We don’t agree with that contention in the slightest but we do have to deal with arguments as they’re presented to us. The NHS, precisely because it is the NHS, is more efficient than other methods of financing and providing health care. Well, if you say so:

We don’t have enough funding. For years, the UK has lagged behind other major economies in how much money we spend on healthcare. According to a 2019 study, when compared to other major western economies, we spend the lowest amount of money on healthcare per person and it shows.

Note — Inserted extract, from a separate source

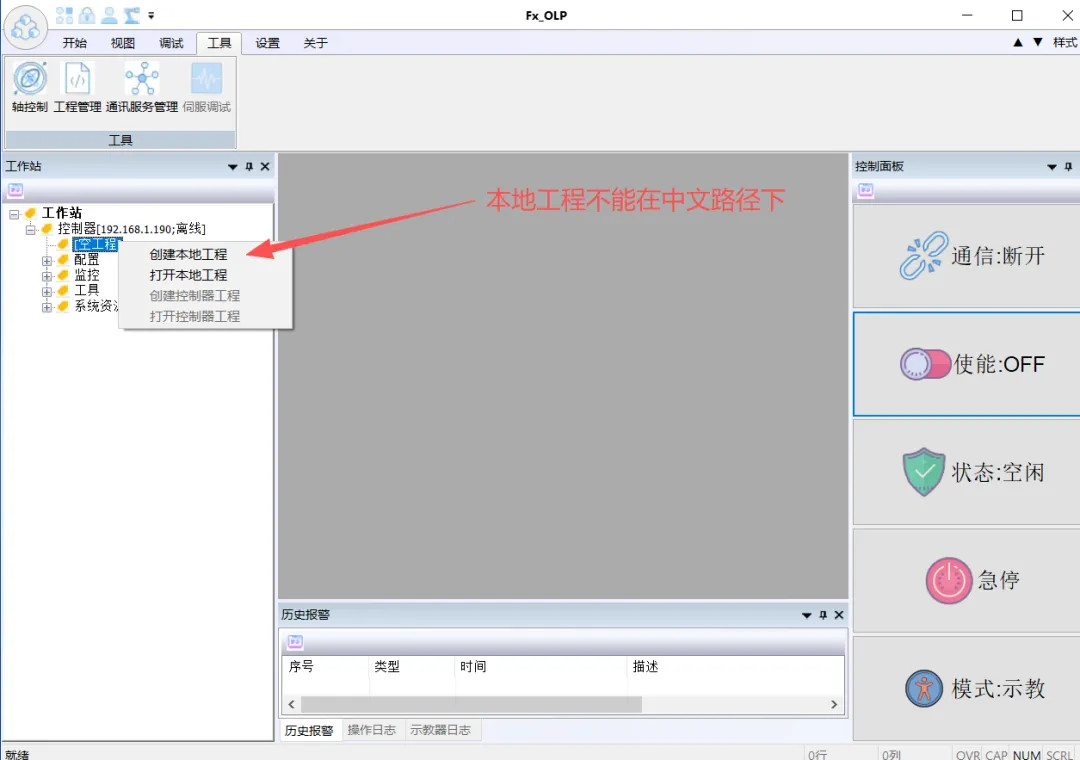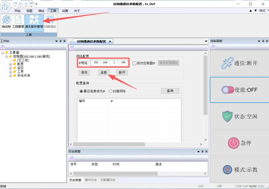 2.3 打开Fx_OLP.exe软件,选择工具—通讯服务管理—填入机器人IP地址—连接。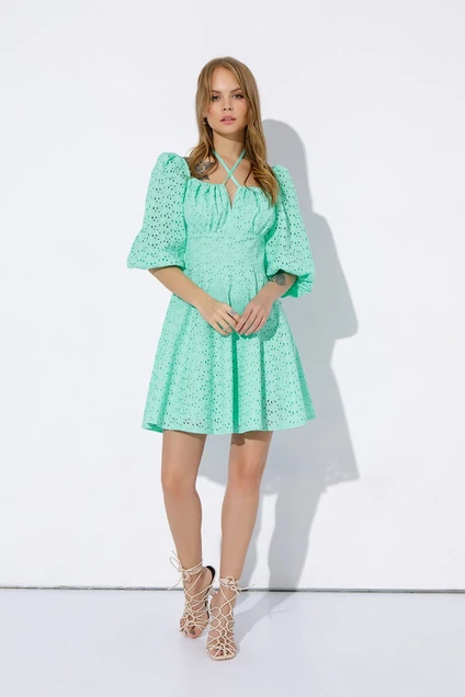 Платье длины мини из хлопкового ришелье. Детали: полуприлегающий силуэт, отрезная линия талии, вырез переда и спинки фигурной формы, спинка со средним швом и потайной застежкой-молнией, укороченные рукава, платье на подкладке

If the NHS is the most efficient method then we should be gaining the same level of health care as other countries for less money spent than those other countries. In fact, the claim that we must be spending the same amount as them is an insistence that the NHS is not that more efficient method. Meaning that, if we are to accept the insistence upon level of spending then we get to examine the claims over the efficiency of structure. Perhaps, even, to include all those bits and pieces of private provision and competition that near all other health care systems include.

That is, despite the Prime Minister being all in favour of it, we must beware of cakeism. It is not possible both that the NHS is more efficient and that it needs the same amount of cash. Either or folks, either or.